→ **ASSIGNMENT**: All lines below between the line with "体育、美術、英語の授業を体験" and the line with "Peruca roza cu", including both, must be copied exactly, and the pictures must be omitted.

→ **GIVEN ENTRIES**:
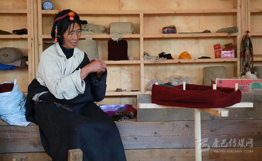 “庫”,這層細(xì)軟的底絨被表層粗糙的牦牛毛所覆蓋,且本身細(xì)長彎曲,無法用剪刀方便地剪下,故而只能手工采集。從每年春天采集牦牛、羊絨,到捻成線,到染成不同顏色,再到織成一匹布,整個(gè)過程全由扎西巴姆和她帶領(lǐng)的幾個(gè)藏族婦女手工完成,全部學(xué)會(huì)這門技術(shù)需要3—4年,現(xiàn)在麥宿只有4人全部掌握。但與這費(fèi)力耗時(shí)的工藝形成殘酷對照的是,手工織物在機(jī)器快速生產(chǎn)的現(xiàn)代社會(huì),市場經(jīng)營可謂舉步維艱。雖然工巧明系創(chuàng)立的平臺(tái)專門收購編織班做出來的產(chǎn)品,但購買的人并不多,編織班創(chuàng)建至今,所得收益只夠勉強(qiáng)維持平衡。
* * *
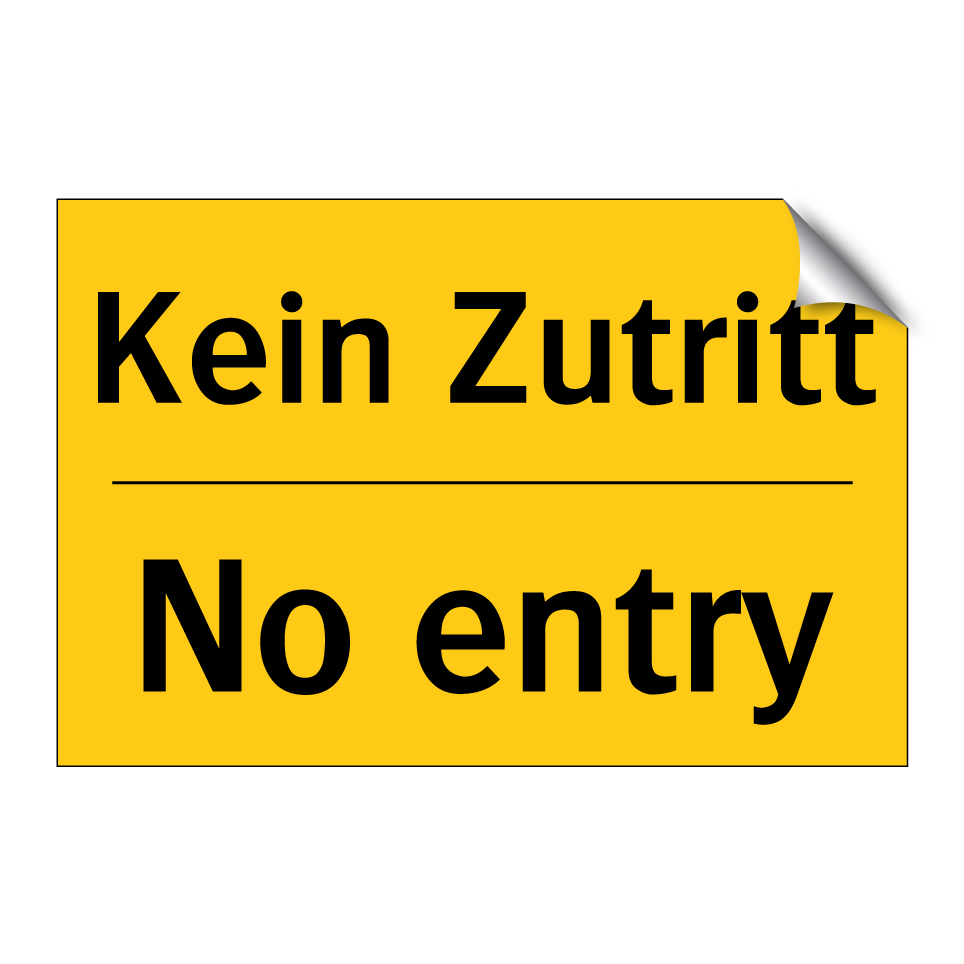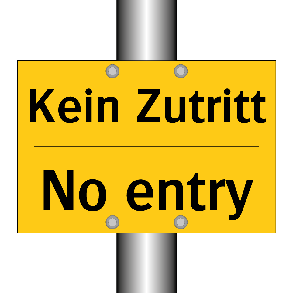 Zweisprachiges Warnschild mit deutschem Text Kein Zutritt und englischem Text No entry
==
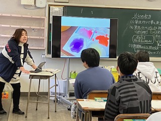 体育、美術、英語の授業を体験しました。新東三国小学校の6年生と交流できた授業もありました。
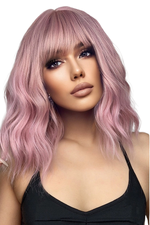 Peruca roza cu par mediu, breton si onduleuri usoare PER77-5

→ **EXERCISE OUTPUT**:
 体育、美術、英語の授業を体験しました。新東三国小学校の6年生と交流できた授業もありました。
 Peruca roza cu par mediu, breton si onduleuri usoare PER77-5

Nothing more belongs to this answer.